» **DATA SECTION**
====================

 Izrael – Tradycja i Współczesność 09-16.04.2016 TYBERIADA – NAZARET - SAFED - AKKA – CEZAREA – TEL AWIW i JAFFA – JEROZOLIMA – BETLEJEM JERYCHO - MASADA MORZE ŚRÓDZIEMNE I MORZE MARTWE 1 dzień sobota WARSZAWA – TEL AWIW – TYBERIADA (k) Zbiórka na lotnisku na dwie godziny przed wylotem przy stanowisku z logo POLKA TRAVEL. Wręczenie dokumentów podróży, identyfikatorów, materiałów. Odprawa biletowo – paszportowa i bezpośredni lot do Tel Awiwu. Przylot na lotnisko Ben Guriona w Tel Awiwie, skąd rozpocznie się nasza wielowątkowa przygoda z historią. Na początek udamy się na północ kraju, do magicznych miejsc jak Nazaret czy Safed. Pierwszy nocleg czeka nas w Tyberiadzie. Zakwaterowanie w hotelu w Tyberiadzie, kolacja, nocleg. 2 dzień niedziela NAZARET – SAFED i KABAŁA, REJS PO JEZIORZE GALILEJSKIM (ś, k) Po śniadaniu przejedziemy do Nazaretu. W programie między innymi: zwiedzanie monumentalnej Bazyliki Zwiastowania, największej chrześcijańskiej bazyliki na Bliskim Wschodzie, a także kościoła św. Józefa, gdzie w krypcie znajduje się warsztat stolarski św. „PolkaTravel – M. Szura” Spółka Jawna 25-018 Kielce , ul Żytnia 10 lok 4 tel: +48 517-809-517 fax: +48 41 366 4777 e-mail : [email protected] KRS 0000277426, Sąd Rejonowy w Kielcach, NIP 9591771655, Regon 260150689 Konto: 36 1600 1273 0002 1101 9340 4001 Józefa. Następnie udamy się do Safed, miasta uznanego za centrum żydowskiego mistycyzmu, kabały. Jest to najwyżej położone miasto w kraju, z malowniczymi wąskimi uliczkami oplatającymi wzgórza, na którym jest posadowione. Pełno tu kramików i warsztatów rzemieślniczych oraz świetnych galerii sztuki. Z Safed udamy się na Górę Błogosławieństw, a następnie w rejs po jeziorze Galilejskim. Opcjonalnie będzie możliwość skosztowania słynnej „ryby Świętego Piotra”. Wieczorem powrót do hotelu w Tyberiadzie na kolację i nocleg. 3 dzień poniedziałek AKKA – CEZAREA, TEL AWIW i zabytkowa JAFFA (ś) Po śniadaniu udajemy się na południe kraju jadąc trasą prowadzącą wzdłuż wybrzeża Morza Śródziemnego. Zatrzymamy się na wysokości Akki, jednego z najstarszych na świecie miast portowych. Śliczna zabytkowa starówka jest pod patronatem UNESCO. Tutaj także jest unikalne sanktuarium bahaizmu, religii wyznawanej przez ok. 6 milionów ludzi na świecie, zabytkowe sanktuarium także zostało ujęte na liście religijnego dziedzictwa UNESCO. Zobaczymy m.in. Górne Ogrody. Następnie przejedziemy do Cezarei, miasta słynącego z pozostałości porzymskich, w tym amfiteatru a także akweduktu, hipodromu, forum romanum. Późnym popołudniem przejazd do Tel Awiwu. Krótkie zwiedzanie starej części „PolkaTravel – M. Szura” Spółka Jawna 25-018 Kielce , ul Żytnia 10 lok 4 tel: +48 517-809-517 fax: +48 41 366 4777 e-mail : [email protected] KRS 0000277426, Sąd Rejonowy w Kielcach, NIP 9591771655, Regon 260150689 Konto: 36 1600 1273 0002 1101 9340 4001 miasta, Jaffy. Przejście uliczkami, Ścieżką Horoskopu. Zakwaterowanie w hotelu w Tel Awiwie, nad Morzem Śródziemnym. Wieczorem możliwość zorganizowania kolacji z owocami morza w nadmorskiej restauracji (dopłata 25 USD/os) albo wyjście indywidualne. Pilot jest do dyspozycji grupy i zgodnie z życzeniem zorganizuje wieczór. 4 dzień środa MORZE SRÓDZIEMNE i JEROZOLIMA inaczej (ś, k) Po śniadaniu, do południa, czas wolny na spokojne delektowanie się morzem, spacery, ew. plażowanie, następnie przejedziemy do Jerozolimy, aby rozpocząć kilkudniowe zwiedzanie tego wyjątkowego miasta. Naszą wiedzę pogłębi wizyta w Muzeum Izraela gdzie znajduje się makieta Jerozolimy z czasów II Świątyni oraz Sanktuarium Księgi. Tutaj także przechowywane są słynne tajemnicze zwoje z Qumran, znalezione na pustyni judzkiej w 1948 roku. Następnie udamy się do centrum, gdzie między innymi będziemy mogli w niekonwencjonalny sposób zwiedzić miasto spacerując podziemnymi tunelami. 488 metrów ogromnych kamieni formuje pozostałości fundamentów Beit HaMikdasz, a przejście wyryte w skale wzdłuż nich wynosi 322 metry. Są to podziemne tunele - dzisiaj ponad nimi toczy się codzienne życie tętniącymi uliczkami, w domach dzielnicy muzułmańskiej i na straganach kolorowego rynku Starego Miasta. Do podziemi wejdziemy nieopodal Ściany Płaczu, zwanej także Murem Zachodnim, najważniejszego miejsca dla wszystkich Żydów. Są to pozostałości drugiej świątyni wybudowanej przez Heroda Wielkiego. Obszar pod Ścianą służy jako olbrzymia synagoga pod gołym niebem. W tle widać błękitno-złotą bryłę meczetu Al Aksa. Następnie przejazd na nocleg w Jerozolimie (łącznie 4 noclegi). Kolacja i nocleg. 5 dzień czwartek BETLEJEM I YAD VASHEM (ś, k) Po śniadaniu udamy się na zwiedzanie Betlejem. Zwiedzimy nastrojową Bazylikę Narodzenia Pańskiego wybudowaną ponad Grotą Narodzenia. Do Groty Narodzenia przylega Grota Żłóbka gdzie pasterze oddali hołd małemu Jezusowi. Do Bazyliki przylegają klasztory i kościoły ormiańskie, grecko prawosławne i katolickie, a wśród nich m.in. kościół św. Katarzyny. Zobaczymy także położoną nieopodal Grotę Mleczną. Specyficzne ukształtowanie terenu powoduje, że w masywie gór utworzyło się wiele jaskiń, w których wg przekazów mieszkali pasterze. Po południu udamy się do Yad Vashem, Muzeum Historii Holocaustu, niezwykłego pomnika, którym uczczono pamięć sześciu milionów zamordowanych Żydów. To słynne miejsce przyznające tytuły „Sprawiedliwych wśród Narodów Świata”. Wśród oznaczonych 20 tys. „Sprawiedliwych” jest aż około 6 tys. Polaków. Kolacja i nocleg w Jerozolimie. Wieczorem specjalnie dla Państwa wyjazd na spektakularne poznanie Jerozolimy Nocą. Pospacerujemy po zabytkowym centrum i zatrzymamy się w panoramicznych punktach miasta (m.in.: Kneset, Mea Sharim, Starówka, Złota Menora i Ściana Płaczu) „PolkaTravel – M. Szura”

====================

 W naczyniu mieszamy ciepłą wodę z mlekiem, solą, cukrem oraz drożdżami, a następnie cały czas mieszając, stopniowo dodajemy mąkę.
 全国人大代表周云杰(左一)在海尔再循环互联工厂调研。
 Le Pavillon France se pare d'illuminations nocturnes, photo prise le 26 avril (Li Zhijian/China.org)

====================

» **TASK OBJECTIVE**
Using the entries above, extract exactly the span from the line with "W naczyniu mieszamy" to the line with "Le Pavillon France", both lines included; leave out everything else.

» **RESPONSE BOX**
 W naczyniu mieszamy ciepłą wodę z mlekiem, solą, cukrem oraz drożdżami, a następnie cały czas mieszając, stopniowo dodajemy mąkę.
 全国人大代表周云杰(左一)在海尔再循环互联工厂调研。
 Le Pavillon France se pare d'illuminations nocturnes, photo prise le 26 avril (Li Zhijian/China.org)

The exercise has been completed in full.